We study estimation of an $s$-sparse signal in the $p$-dimensional Gaussian sequence model with equicorrelated observations and derive the minimax rate. A new phenomenon emerges from correlation, namely the rate scales with respect to $p-2s$ and exhibits a phase transition at $p-2s \asymp \sqrt{p}$. Correlation is shown to be a blessing provided it is sufficiently strong, and the critical correlation level exhibits a delicate dependence on the sparsity level. Due to correlation, the minimax rate is driven by two subproblems: estimation of a linear functional (the average of the signal) and estimation of the signal's $(p-1)$-dimensional projection onto the orthogonal subspace. The high-dimensional projection is estimated via sparse regression and the linear functional is cast as a robust location estimation problem. Existing robust estimators turn out to be suboptimal, and we show a kernel mode estimator with a widening bandwidth exploits the Gaussian character of the data to achieve the optimal estimation rate.
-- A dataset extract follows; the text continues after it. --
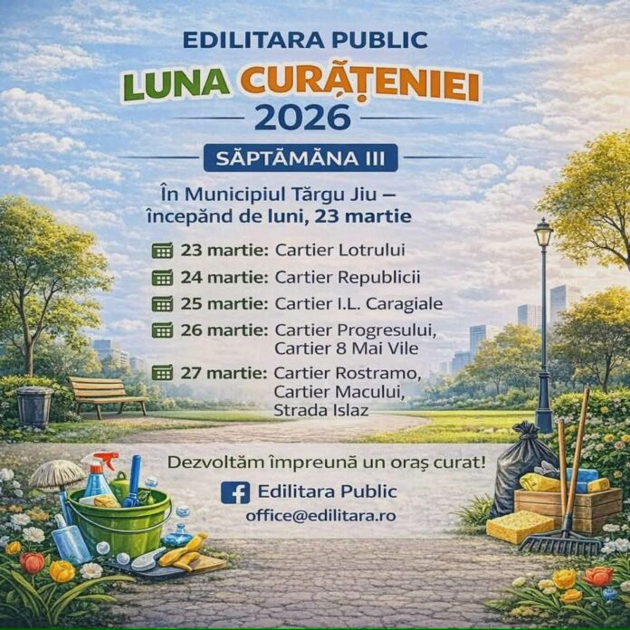 Începând de luni, 23 martie, echipele Edilitara Public S.A. continuă intervențiile din cadrul ”Lunii Curățeniei” în municipiul Târgu Jiu.

翻译：我们研究了在$p$维等相关高斯序列模型中估计$s$-稀疏信号的问题，并推导了极小化极大速率。相关性催生了一个新现象：估计速率与$p-2s$成比例，并在$p-2s \asymp \sqrt{p}$处发生相变。研究表明，当相关性足够强时，它反而成为一种有利因素，而临界相关水平对稀疏程度表现出微妙的依赖性。由于相关性的存在，极小化极大速率由两个子问题驱动：线性泛函的估计（信号均值）以及信号在正交补空间上的$(p-1)$维投影估计。高维投影通过稀疏回归进行估计，而线性泛函则被转化为稳健位置估计问题。现有稳健估计量被证明是次优的，我们提出了一种带宽递增的核众数估计器，该估计器利用数据的高斯特性实现了最优估计速率。